* Exercise directions
Reproduce the records exactly. Leave the pictures out.

Items from a data source
=====

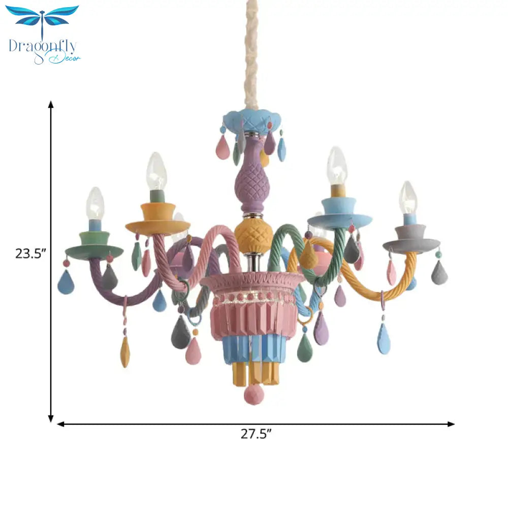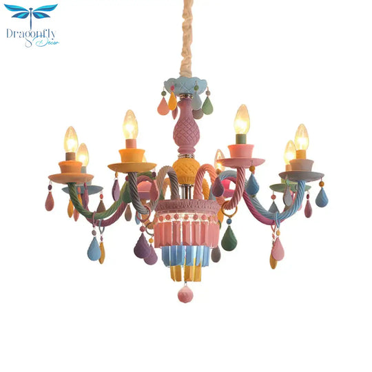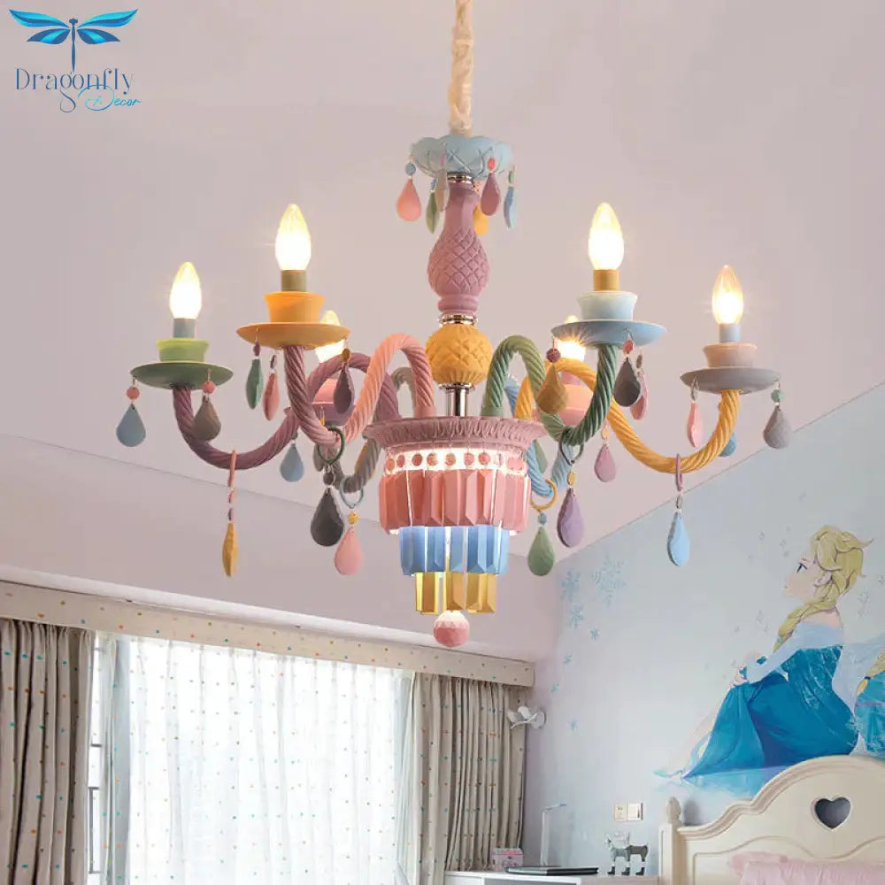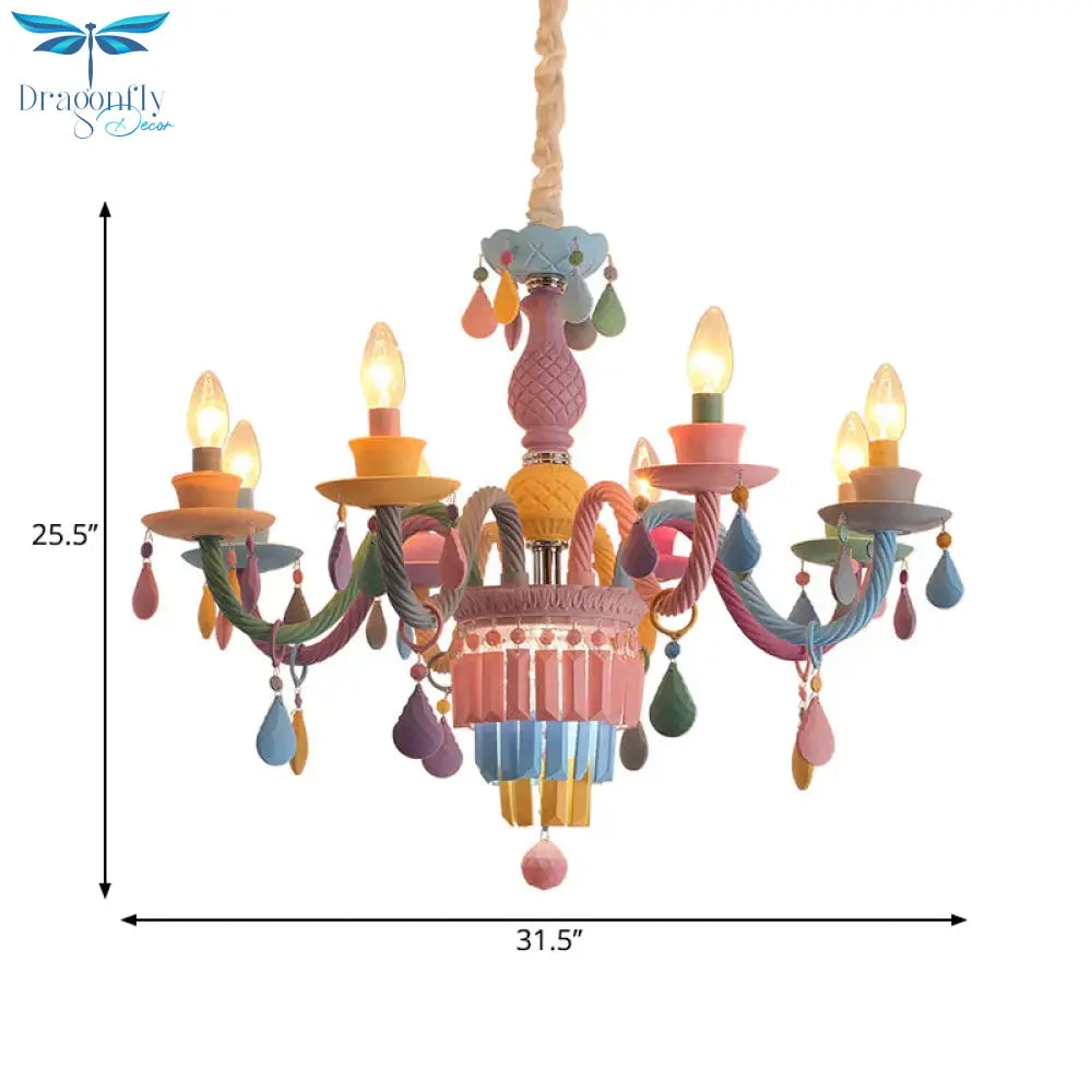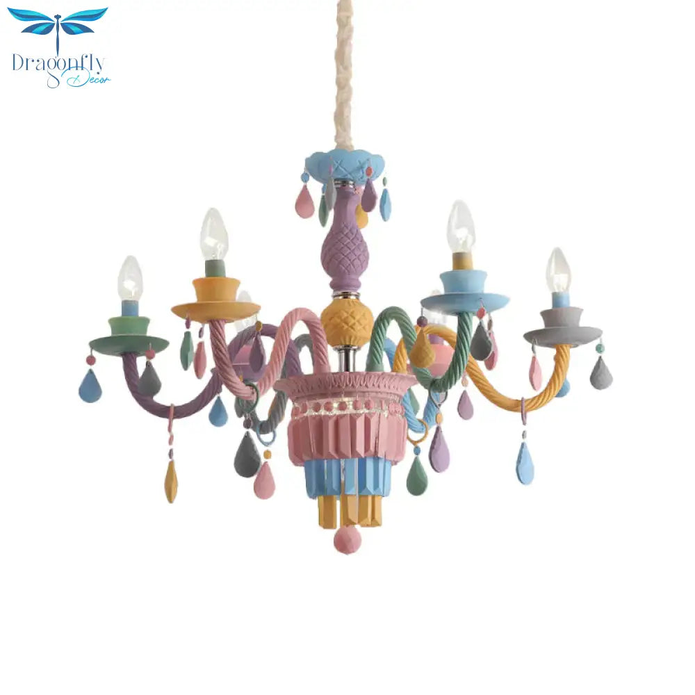 3/5 Bulbs Candle Chandelier Pendant Light Macaron Glass Hanging Light with Crystal Accent in Multi Color
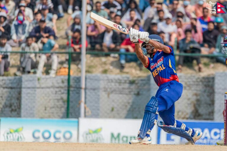 ओपनर आसिफ शेख शून्य र कुशल भुर्तेल १ रनमा आउट भएका थिए । कुशल मल्ल ४, सन्दीप जोरा, दीपेन्द्रसिंह ऐरी र गुलशन झा १९–१९ रनमा आउट भए ।
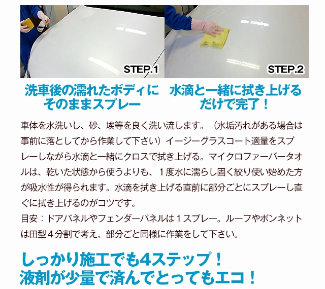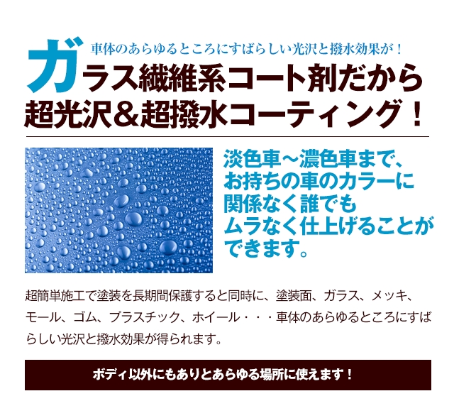 超簡単作業で塗装を長期間保護すると共にすばらしい光沢と撥水効果が得られます。
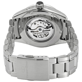 Stainless steel case with a stainless steel bracelet. Fixed stainless steel bezel. Black (open heart) dial with luminous silver-tone hands and index hour markers. Minute markers around the outer rim. Dial Type: Analog. Two sub-dials displaying: power reserve indicator and date/moon phase. Caliber F7M63 automatic movement with a 50-hour power reserve. Scratch resistant sapphire crystal. Pull / push crown. Transparent case back. Round case shape. Case size: 41 mm. Case thickness: 13.1 mm. Band width: 21 mm. Fold over clasp with a safety release. Water resistant at 100 meters / 330 feet. Functions: date, hour, minute, second, power reserve indicator, moon phase, open heart display, exhibition caseback. Orient Star Series. Sport watch style. Watch label: Japan Movt. Orient Orient Star Automatic Black Dial Men's Watch RE-AY0001B00B.
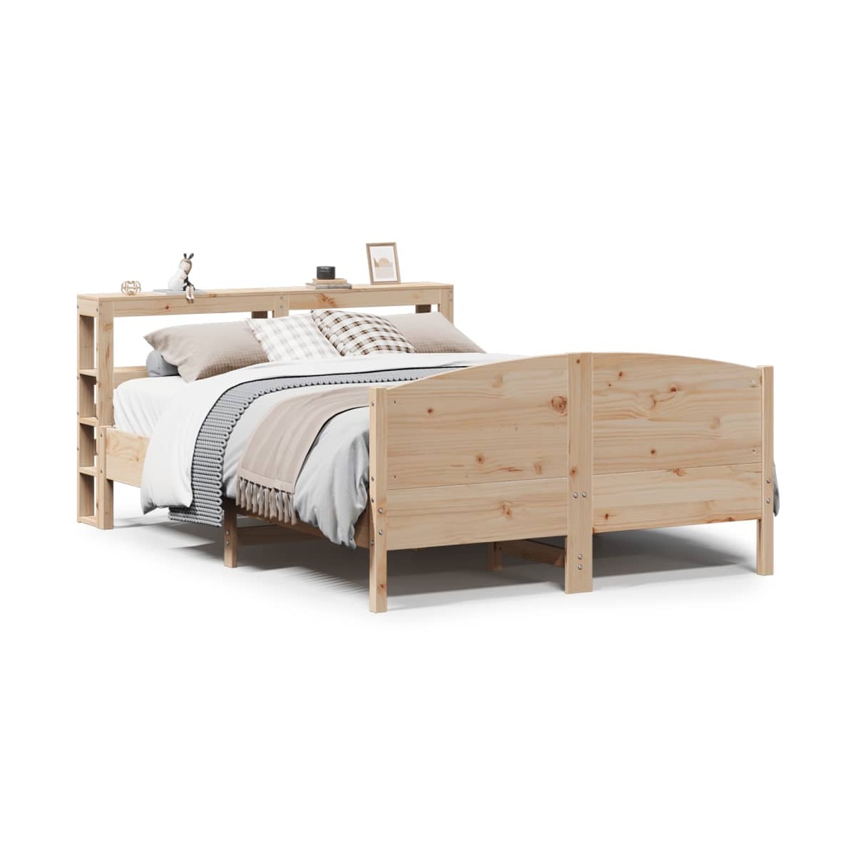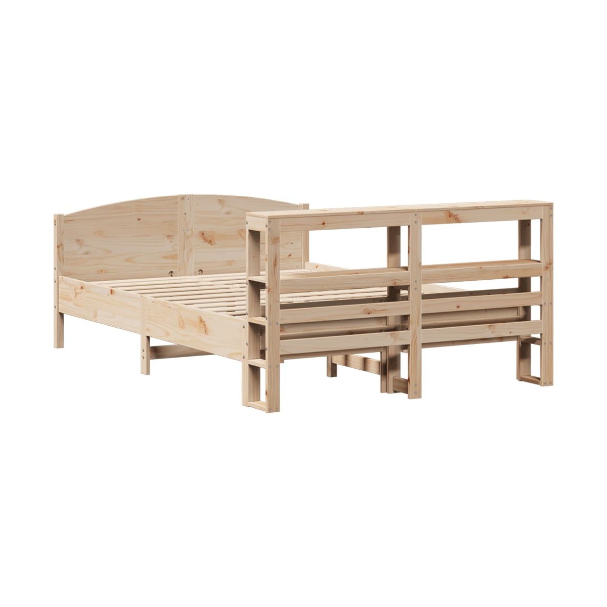 Consigue un sueño más reparador con esta estructura de cama. Es un aporte acogedor para cualquier dormitorio. Estructura estable y duradera: La madera de pino maciza es conocida por su resistencia y durabilidad. Sus vetas rectas y sus característicos nudos contribuyen a su encanto rústico.Somier de láminas para un soporte óptimo: La estructura de cama está equipada con un somier de láminas para el apoyo y la transpirabilidad del colchón.Cabecero versátil: Esta estructura de cama viene con un cabecero que proporciona un excelente soporte para la espalda cuando te sientas en la cama para leer o ver la televisión, a la vez que sirve como elemento decorativo.Amplio espacio de almacenamiento: Este elegante cabecero cuenta con dos prácticos estantes, que ofrecen un amplio espacio de almacenamiento para tener todos tus artículos esenciales para la noche al alcance de la mano. Información útil:El colchón no está incluido con la cama. Disponemos de una variada selección de colchones. Puedes echar un vistazo a nuestra tienda para buscar el colchón correspondiente.
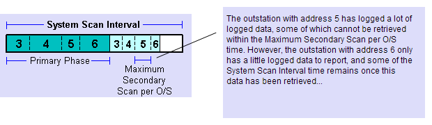 If there is still time remaining before the System Scan time expires, then outstations that still have secondary data available can be re-visited for a period limited by the Maximum Secondary Scan per O/S interval as many times as necessary until the System Scan time expires.
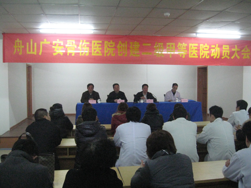 2012年3月6日下午舟山廣安骨傷醫(yī)院在會議室召開創(chuàng)建二級甲等醫(yī)院動員大會,郭維杰、焦忠偉、劉旭日、劉志安出席本次會議,醫(yī)院全體工作人員參加本次會議。本次會議主要討論了有關(guān)創(chuàng)建二級甲等醫(yī)院的有關(guān)事項以及各科室所需要做的準(zhǔn)備工作,創(chuàng)建二級甲等醫(yī)院是今年醫(yī)院最重要的事情之一,郭維杰院長強調(diào)大家一定要全力以赴為創(chuàng)建工作共同努力。2012年3月6日下午召開創(chuàng)建二級甲等醫(yī)院動員大會,全體工作人員參加本次會議。

=====

* Answer for this exercise
 3/5 Bulbs Candle Chandelier Pendant Light Macaron Glass Hanging Light with Crystal Accent in Multi Color
 ओपनर आसिफ शेख शून्य र कुशल भुर्तेल १ रनमा आउट भएका थिए । कुशल मल्ल ४, सन्दीप जोरा, दीपेन्द्रसिंह ऐरी र गुलशन झा १९–१९ रनमा आउट भए ।
 超簡単作業で塗装を長期間保護すると共にすばらしい光沢と撥水効果が得られます。
 Stainless steel case with a stainless steel bracelet. Fixed stainless steel bezel. Black (open heart) dial with luminous silver-tone hands and index hour markers. Minute markers around the outer rim. Dial Type: Analog. Two sub-dials displaying: power reserve indicator and date/moon phase. Caliber F7M63 automatic movement with a 50-hour power reserve. Scratch resistant sapphire crystal. Pull / push crown. Transparent case back. Round case shape. Case size: 41 mm. Case thickness: 13.1 mm. Band width: 21 mm. Fold over clasp with a safety release. Water resistant at 100 meters / 330 feet. Functions: date, hour, minute, second, power reserve indicator, moon phase, open heart display, exhibition caseback. Orient Star Series. Sport watch style. Watch label: Japan Movt. Orient Orient Star Automatic Black Dial Men's Watch RE-AY0001B00B.
 Consigue un sueño más reparador con esta estructura de cama. Es un aporte acogedor para cualquier dormitorio. Estructura estable y duradera: La madera de pino maciza es conocida por su resistencia y durabilidad. Sus vetas rectas y sus característicos nudos contribuyen a su encanto rústico.Somier de láminas para un soporte óptimo: La estructura de cama está equipada con un somier de láminas para el apoyo y la transpirabilidad del colchón.Cabecero versátil: Esta estructura de cama viene con un cabecero que proporciona un excelente soporte para la espalda cuando te sientas en la cama para leer o ver la televisión, a la vez que sirve como elemento decorativo.Amplio espacio de almacenamiento: Este elegante cabecero cuenta con dos prácticos estantes, que ofrecen un amplio espacio de almacenamiento para tener todos tus artículos esenciales para la noche al alcance de la mano. Información útil:El colchón no está incluido con la cama. Disponemos de una variada selección de colchones. Puedes echar un vistazo a nuestra tienda para buscar el colchón correspondiente.
 If there is still time remaining before the System Scan time expires, then outstations that still have secondary data available can be re-visited for a period limited by the Maximum Secondary Scan per O/S interval as many times as necessary until the System Scan time expires.
 2012年3月6日下午舟山廣安骨傷醫(yī)院在會議室召開創(chuàng)建二級甲等醫(yī)院動員大會,郭維杰、焦忠偉、劉旭日、劉志安出席本次會議,醫(yī)院全體工作人員參加本次會議。本次會議主要討論了有關(guān)創(chuàng)建二級甲等醫(yī)院的有關(guān)事項以及各科室所需要做的準(zhǔn)備工作,創(chuàng)建二級甲等醫(yī)院是今年醫(yī)院最重要的事情之一,郭維杰院長強調(diào)大家一定要全力以赴為創(chuàng)建工作共同努力。2012年3月6日下午召開創(chuàng)建二級甲等醫(yī)院動員大會,全體工作人員參加本次會議。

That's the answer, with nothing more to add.